Lanreotide (Somatuline Depot) is approved by the FDA as a once monthly deep subcutaneous injection for unresectable, well-or moderately-differentiated, locally advanced or metastatic gastroenteropancreatic neuroendocrine tumors (GEP-NETs) to improve progression-free survival. Its approval was based on the multicenter, international CLARINET trial (n=204). The trial demonstrated a significantly prolonged progression-free survival in those who received lanreotide (hazard ratio, 0.47; 95% confidence interval [CI], 0.30 - 0.73); P < 0.001; log-rank test. [18]


Surgical Care


Once a glucagonoma is identified, the optimal management is surgical resection, which is the only curative therapy. [13, 19, 20]

In some patients, removal of the tumor may reverse symptoms. Several authors have reported the clinical palliation of symptoms from surgical debulking of the tumor. [21]

Beyond neoplasm removal, healthy surrounding parenchyma and locoregional lymph nodes can be resected because they may be metastatic or, more rarely, the primary site of the tumor.

Laparoscopic resection of pancreatic endocrine tumors has seen only limited use because of a lack of data about the safety, feasibility, indications for, and outcomes after such an intervention.
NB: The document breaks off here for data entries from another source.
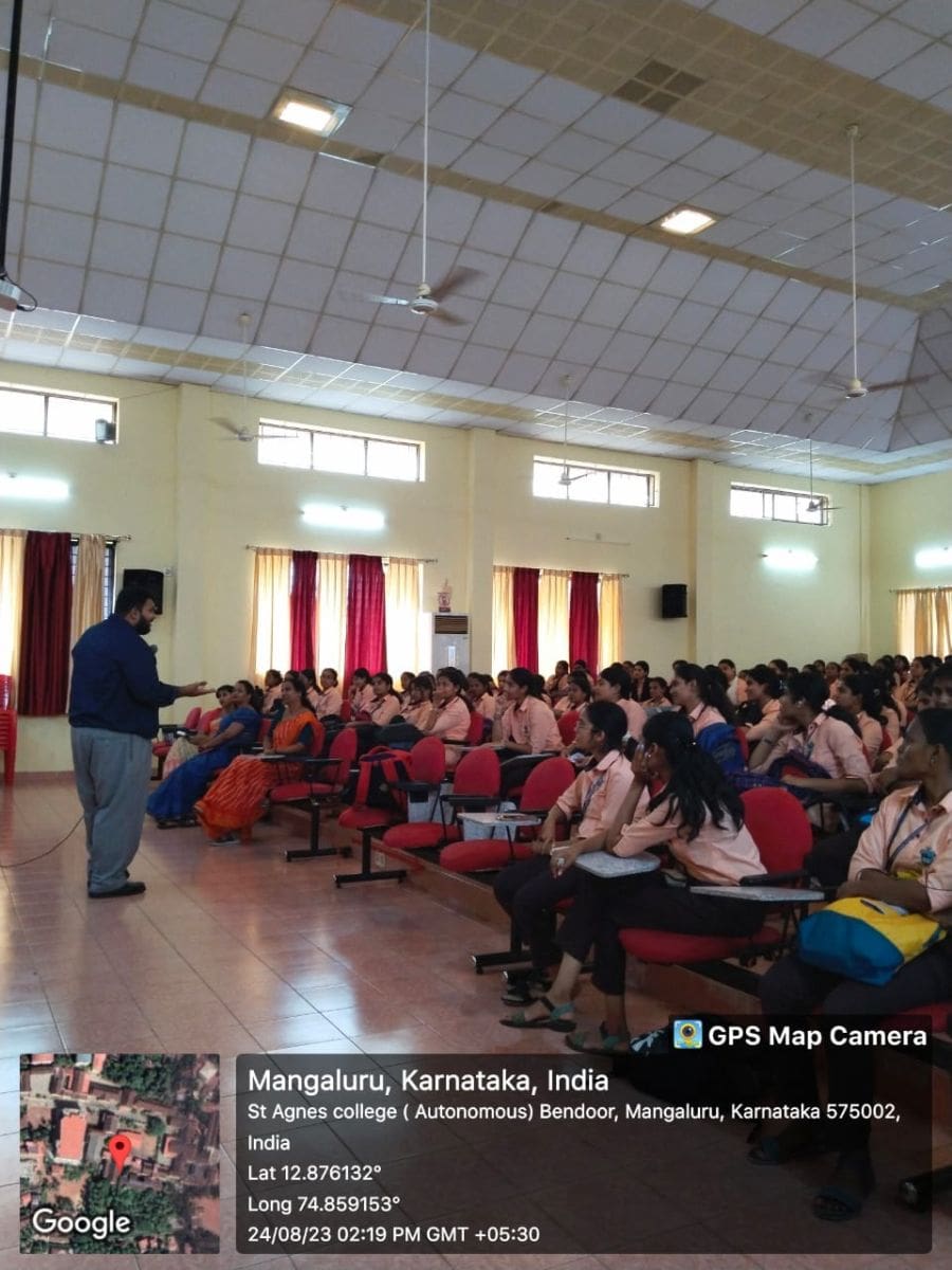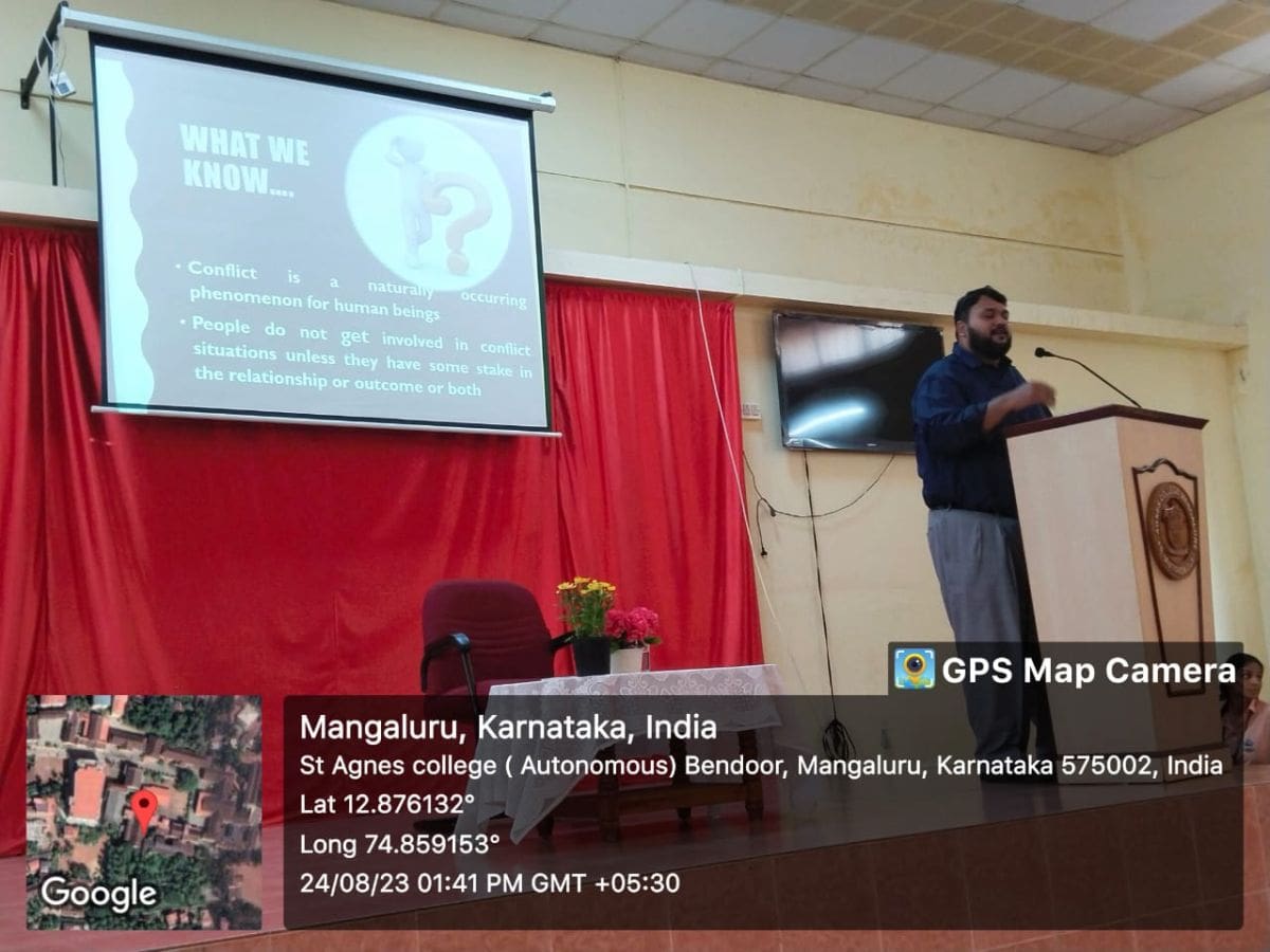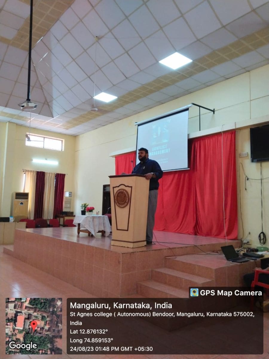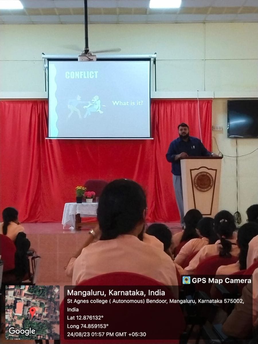 The Department of Commerce, St Agnes College (Autonomous), Mangaluru hosted a guest lecture on ‘Conflict to Confident’ on 24 August 2023. Mr Samarth Shenoy B, Assistant Professor, Sahyadri College of Engineering & Management, Adyar, Mangaluru, was the guest speaker.
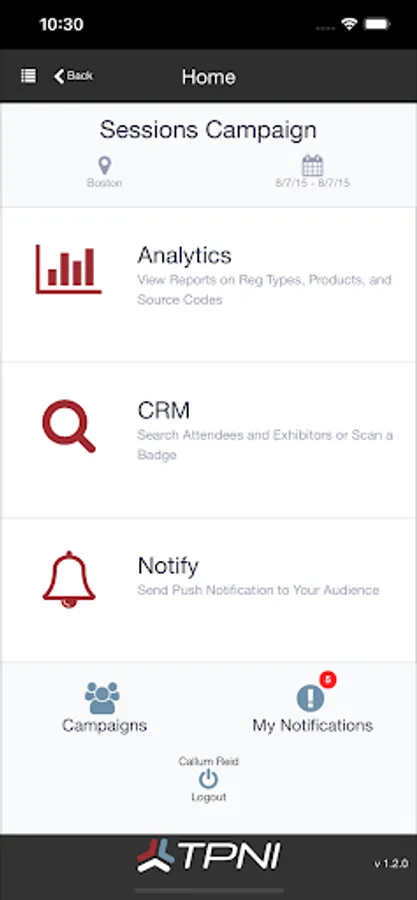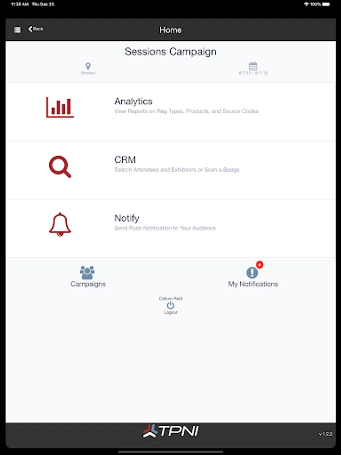 TPNI brings its Event Marketing Platform to the mobile app. This application allows the TPNI customer to view analytics, search, edit, export and print a record. To quickly view a record, you can either scan the attendee’s confirmation or scan the QR code on the attendee’s badge. You can also search a record by using our dynamic search feature. This searches through a combination of name and company. You can narrow your results by using the advanced search feature which allows you to filter by registration type, products, and alerts. The TPNI Manager app also allows you to set up push notifications that will send you an instant alert when a record has been printed.
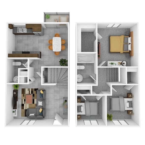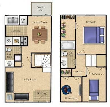 3 Beds, 1.5 Baths, 1280 sq ftModel Gallery
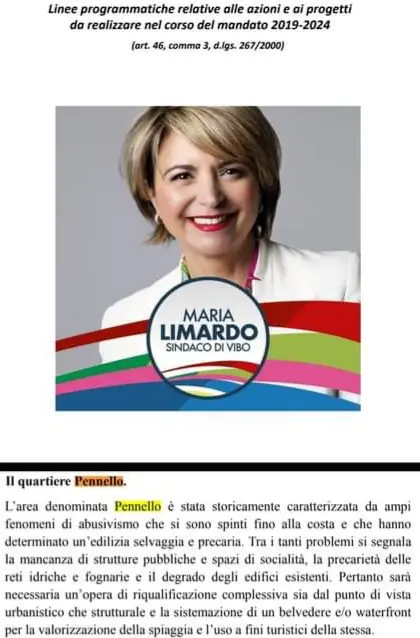 L’altra tappa del viaggio ha riguardato il popoloso quartiere che affaccia sul lato sud della frazione e, Stefano Soriano, ricorda le parole del sindaco Maria Limardo al tempo della sua candidatura: “Il Pennello è una zona storicamente caratterizzata da ampi fenomeni di abusivismo che si sono spinti fino alla costa e che hanno determinato un’edilizia selvaggia e precaria. Tra i tanti problemi si segnala la mancanza di strutture pubbliche e spazi di socialità, la precarietà delle reti idriche e fognarie e il degrado degli edifici esistenti. Pertanto, sarà necessaria un’opera di riqualificazione complessiva sia dal punto di vista urbanistico che strutturale e la sistemazione di un belvedere e/o waterfront, per la valorizzazione della spiaggia e l’uso a fini turistici della stessa”.
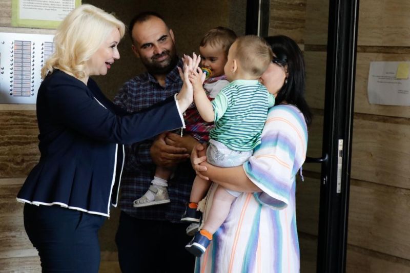 Министарка за бригу о породици и демографију у Влади Републике Србије Дарија Кисић посетила је у Крагујевцу породицу Миловановић са троје деце, која је купила свој стан уз помоћ државне субвенције за куповину прве непокретности.
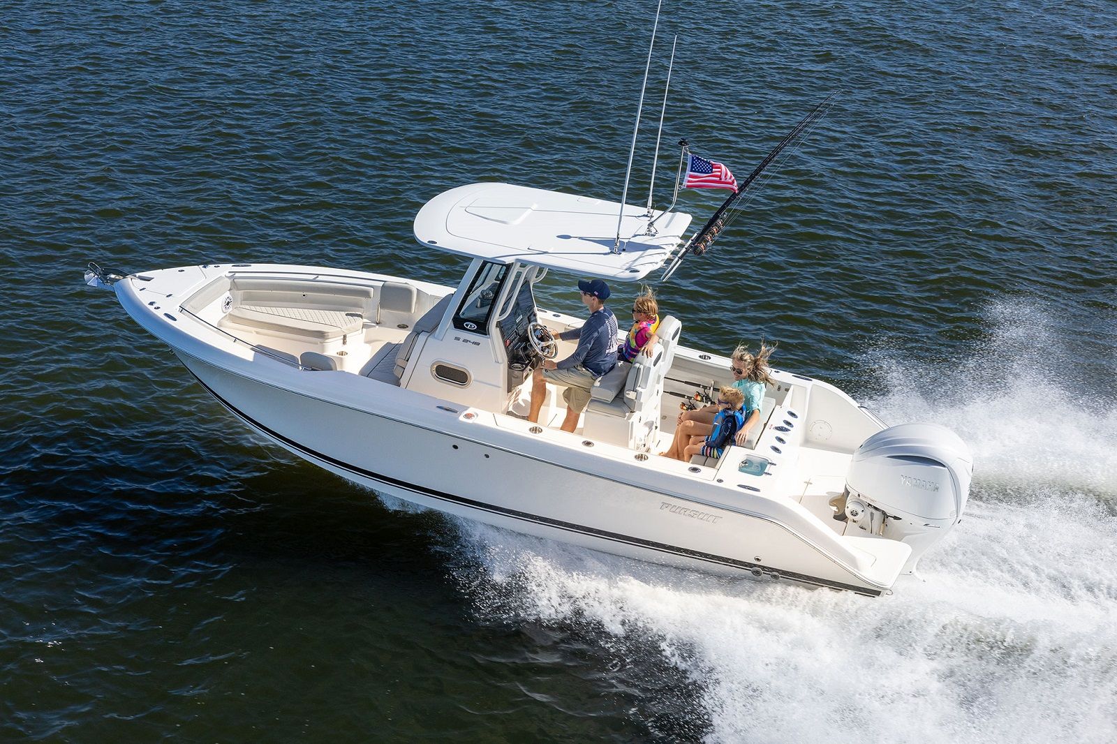 The Pursuit S 248 Center Console is as practical as it is stylish. Its manageable size makes docking and trailering straightforward, while the efficient hull design contributes to smooth handling and fuel economy. The ample storage compartments help keep your essentials organized, from fishing gear to water toys and picnic supplies. The fresh water system and cockpit shower make it easy to clean up after a swim or rinse off equipment, adding convenience to your boating routine.The boat’s versatile seating arrangements and convertible bow area mean you can easily switch between fishing, lounging, and entertaining, making it a true all-purpose vessel. Whether you’re heading out for a solo fishing trip, a family day on the water, or a sunset cruise with friends, the Pursuit S 248 adapts to your needs with ease.
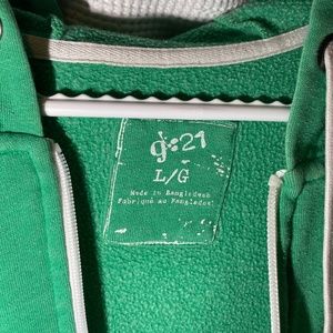 G:21 Green Zip Up Hoodie. Great used condition! Slight paint chipping on the zipper pull.
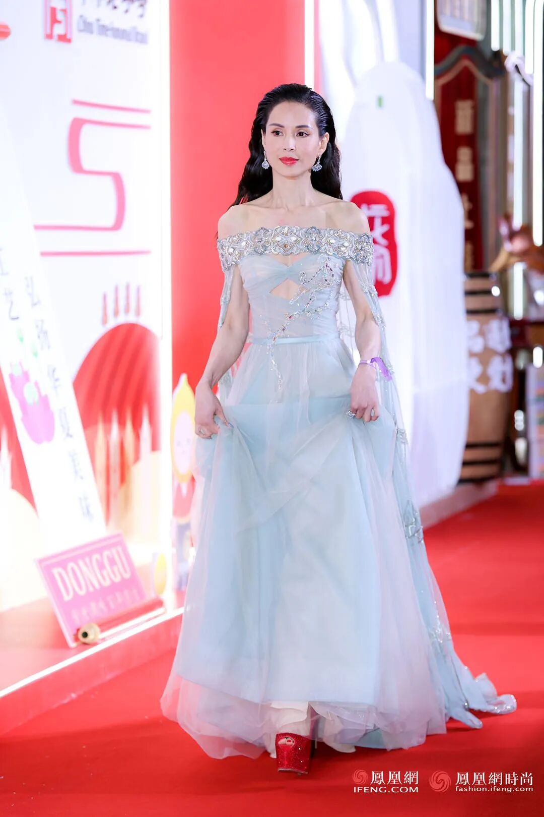 年度致敬明星惠英紅,一身閃鉆披肩長裙,成為當晚的氣場擔當。
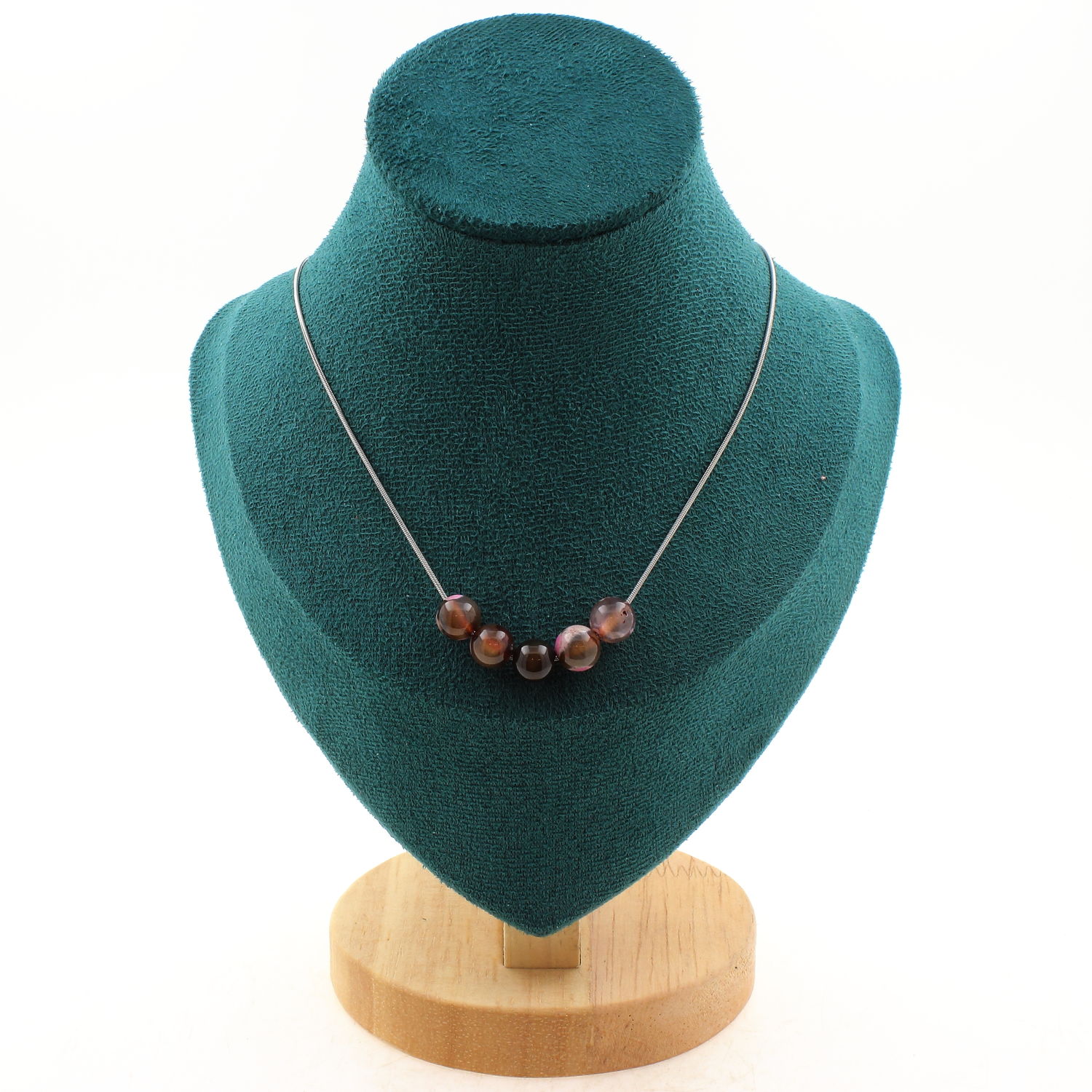 Fuchsia and brown Agate 5 beads necklace 8 mm, stainless steel chain length 45 cm. We can make it to your length on request . Made in France in our A Bijoux workshop. Delivered in a box pouch. Necklace for women, men, children. Discover more than 1000 models of necklaces made by the A Bijoux brand with new arrivals every day.
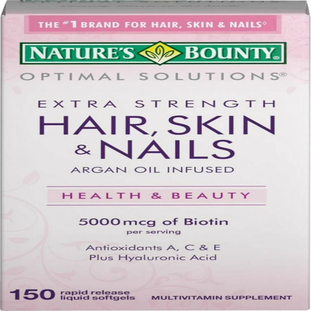 Nature'S Bounty Optimal Solutions Extra Srength Hair Skin & Nails 5000 Mcg of Biotin, Softgels 150 Ea (Pack of 6)

In 2008, however, Fernández-Cruz and colleagues reported on 49 patients who underwent laparoscopic pancreatic surgery. [22] The authors concluded that such surgery is a safe, feasible means of treating benign endocrine pancreatic tumors.


Patients with liver metastases and severe symptoms caused by tumor bulk or hormone-release syndromes may benefit from procedures that reduce hepatic arterial blood flow to metastases. The videos below demonstrate bland embolization of the right hepatic artery in a patient with metastatic neuroendocrine tumors.

Bland embolization of the right hepatic artery in a patient with metastatic neuroendocrine tumors: Part 1. Courtesy of Memorial Sloan-Kettering Cancer Center.
Bland embolization of the right hepatic artery in a patient with metastatic neuroendocrine tumors: Part 2. Courtesy of Memorial Sloan-Kettering Cancer Center.
Postprocedure computed tompgraphy scans after bland embolization of the right hepatic artery in a patient with metastatic neuroendocrine tumors. Courtesy of Memorial Sloan-Kettering Cancer Center.

Hepatic arterial occlusion with embolization or chemoembolization should cause necrosis of the metastases without damaging the healthy hepatic parenchyma, which is supplied from the portal circulation. [23, 24] This treatment may also be combined with systemic chemotherapy in selected patients.


Multimodal therapeutic interventions including liver transplantation have been reported, but further studies are needed to validate such time-consuming and expensive procedures. [25]



The occurrence of mucocutaneous lesions, endocrine disturbances, and optic and psychic disturbances may be very helpful for differential diagnosis, therapy, and needed consultations (from dermatologists, neurologists, endocrinologists, ophthalmologists).



In patients with glucagonoma, providing a supplemental protein supply in order to furnish amino acids is useful. In more severe cases, such supplementation can be administered intravenously. The administration of essential fatty acids (ie, olive oil), zinc, vitamins, and minerals is also helpful.



Mild exercise is usually not harmful in patients with glucagonoma.